30 Facts You Didn’t Know About The Cobbled Classics. March 27 2017

The cobbled classics are the most prestigious one day events in the world of road cycling.

Outshining the Tour de France to most cycling fans, the classics manage to jam pack everything that is great about cycling into one brutal day. A very, very long day, the cobbled classics range in distance from 200 to 260 kilometers. While flatter than the Ardennes there can still be a lot of climbing.  The Tour of Flanders clocks in at over 2500 meters (8,500 feet +) of climbing. All that split up over 18 or so cobbled climbs that max out over 20% grade.

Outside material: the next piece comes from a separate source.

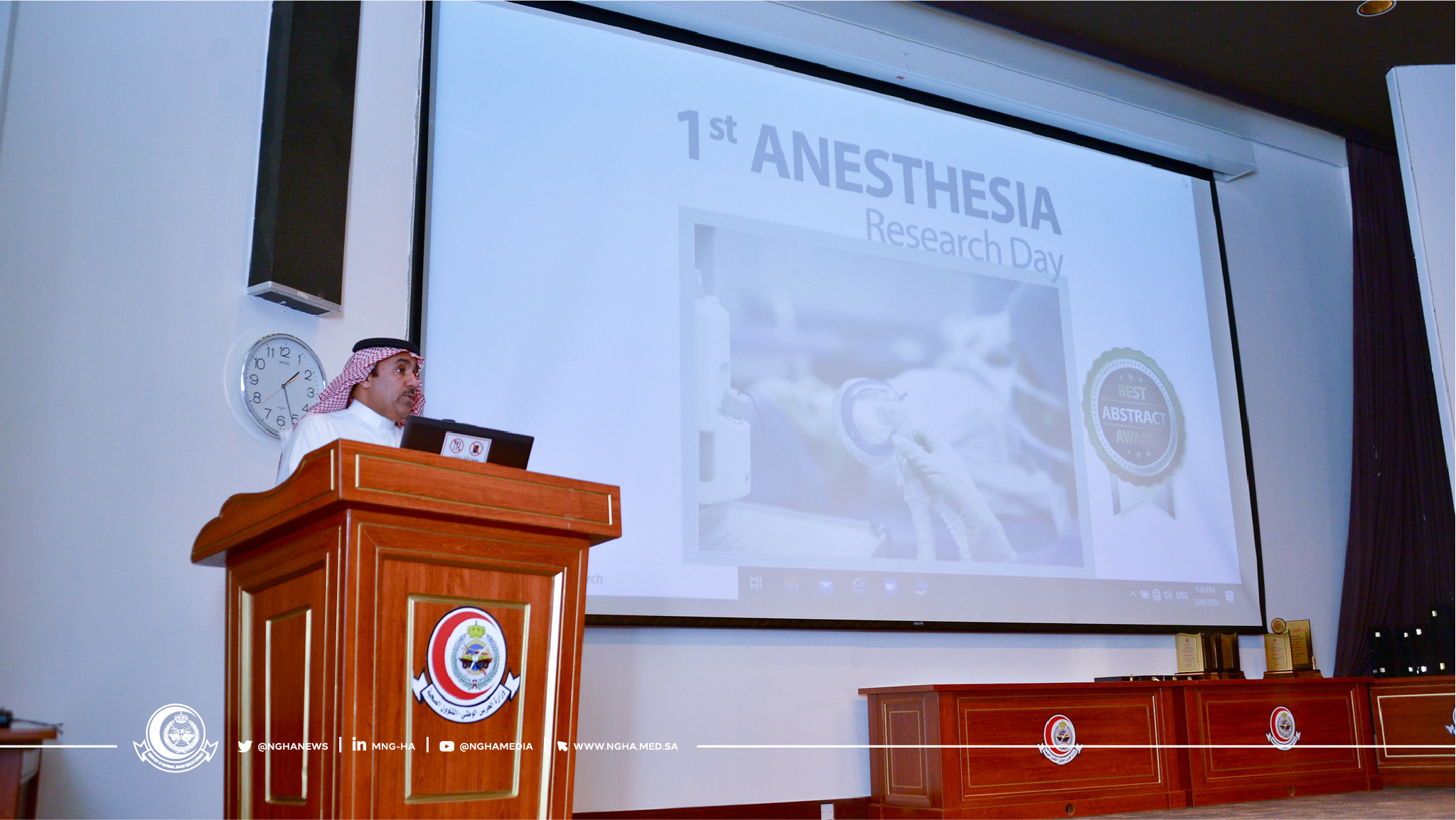 On behalf of His Excellency, the Chief Executive Officer of Ministry of National Guard Health Affairs, Dr. Bandar Al Knawy, the Chief Medical Officer, Dr. Saad Al Mohrij, patronized the celebration of the Anesthesia Department at King Abdulaziz Medical City of the Scientific Day for Anesthesia Research on Thursday, December 8, 2022. The occasion included the latest research developments in the Anesthesiology Department and other research related to innovation in anesthesia practice.

Held through March and April, the four cobbled classics consist of E3 Harelbeke, Gent-Wevelgem, De Ronde van Vlaanderen, and Paris-Roubaix.

Route pavée crt 2002.jpg

By F Lamiot - F Lamiot (Own work), CC BY 2.5, Link

 

Dwars door Vlaanderen

First Edition: 1945
Most wins per country: Belgium, 54.

 

E3 Harelbeke

First Edition: 1958
Nickname: The little Tour of Flanders
Most Wins: Belgian Tom Boonen holds the record of victories with five wins, trailed by cycling icon Rik Van Looy who won four times.
Fastest Edition: 2003 when Dutchman Steven de Jongh won at an average speed of 45.9 km/h.

  

Gent–Wevelgem

First Edition: 1934
Most Wins: Gent-Wevelgem was won three times by Robert Van Eenaeme (1936, 1937 and 1945), Rik Van Looy (1956, 1957 and 1962), Eddy Merckx (1967, 1970 and 1973) and Tom Boonen (2004, 2011 and 2012). Mario Cipollini was victorious in 1992, 1993 and 2002.

  

Tour of Flanders

First Edition: 1913
Most Victories: Six men hold the record of most victories, making the Tour of Flanders unique among the major classics. Belgians Achiel Buysse, Eric Leman, Johan Museeuw and Tom Boonen, Italian Fiorenzo Magni and Swiss Fabian Cancellara each have three victories.
Closest margin of victory: In 1994 Bugno beat Museeuw by 7 mm in a four-man sprint, the smallest margin in history.
Prizes: For more than half a century, organizers have offered prizes and bonuses to the first riders on many of the climbs. In 1940 the first rider up the Kwaremont, Edelare and Kruisberg won 500 francs. A combined prize for best climber on all the hills came in 1950, when Maurits Blomme won bedroom furniture. The prize at the top of the Kruisberg in 1953 was a washing machine; the first up the Muur of Geraardsbergen won 18,000 francs. In 1950 Fiorenzo Magni won 30,000 francs in bonuses during a long breakaway.
Steepest Climb: The Koppenberg maxes out at 22%
Longest Edition: The longest Tour of Flanders was its first running in 1913: 324 kilometers
Shortest Edition: The shortest Tour of Flanders was the war-time edition of 1941: 198 kilometers
Fastest Edition: 2001, won by Italian Gianluca Bortolami: 43.6 km/h average.
Slowest Edition: 1923, won by Swiss Heiri Suter: 26,2 km/h average.
Most Races Completed By a Rider: Briek Schotte, who participated 20 consecutive times from 1940 to 1959.
Most Consecutive Victories: Only one rider (Fiorenzo Magni) won three consecutive victories.
Biggest Margin of Victory: The biggest margin between the winner and runner-up was in 1969, when Eddy Merckx won by a margin of 5 minutes 36 seconds over second-place finisher Felice Gimondi.
Youngest Winner: Rik Van Steenbergen in 1944 at 19 years and 206 days.
Oldest Winner: Andrei Tchmil in 2000 at 37 years and 71 days.

 

Paris-Roubaix

First Edition: 1896
Most races completed by a rider: 16, by Raymond Impanis (1947-1963) and Servais Knaven (1995-2010). – 15, Gilbert Duclos-Lassalle.
Oldest winner: Gilbert Duclos-Lassalle, 38 years and 8 months in 1993.
Largest winning margin (postwar): 5 minutes and 21 seconds, when Eddy Merckx beat Roger De Vlaeminck in 1970.
Closest margin of victory: 1 cm (0.39 in), between Eddy Planckaert and Steve Bauer in 1990.
Slowest victory: 12 hours and 15 minutes, in 1919 when Henri Pélissier won on roads devastated by World War I.
Fastest Edition: Peter Post averaged 45.1 kph to win in 1964.
Longest victorious break: 222 km (138 mi), by Dirk Demol in 1988.